I am not aware of any remnants of an organized 17th
century village on the site of today's
Hicksville
. I have read that early
residents of
Jericho
used the barren grasslands to the south as pasture, but that's part of
Jericho
's history. It is possible
that in the early decades, cabins or houses were sometimes built within
the borders of today's
Hicksville
, but what of it?
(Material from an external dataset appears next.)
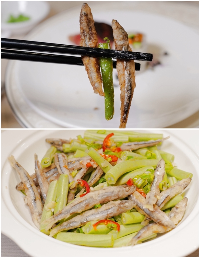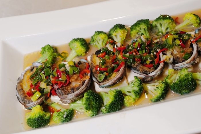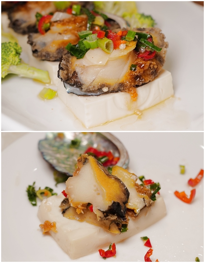 鮑魚的尺寸頗為大。同樣是清蒸後再分切搭配底下的棉豆腐,方便客人食用,鮑魚的口感確實彈脆,這樣的口感確實是活鮑魚的最好證明,淋上廚師特調的醬汁頗為提味。 |

An isolated
family home, especially one that fell into ruin and left the surrounding
area devoid of settlers, certainly was not the beginning of a village.
I am not aware of any continuity between people who might have
lived on the land in that manner in the 17th century, and the
people who settled where the roads intersected c. 1837, thereby starting a
thriving community that persists today.
Respected local historians Richard and Anne Evers'
book refers to the Williams Purchase as the
start of
Hicksville
's "documentary history"
(emphasis added) - that is, the purchase is not the start of the
village's history, but part of the prequel.
As noted earlier, the same book calls 19th
century
Hicksville
"an emerging railroad community," acknowledging that what prompted its
initial settlement was the railroad, which arrived in the area in 1836 or
1837. Together, these
statements seem to make clear that the date of the Williams Purchase
should not be confused with the birth of
Hicksville
.
Sorry
Hicksville
; you're only about half as old as some people might think.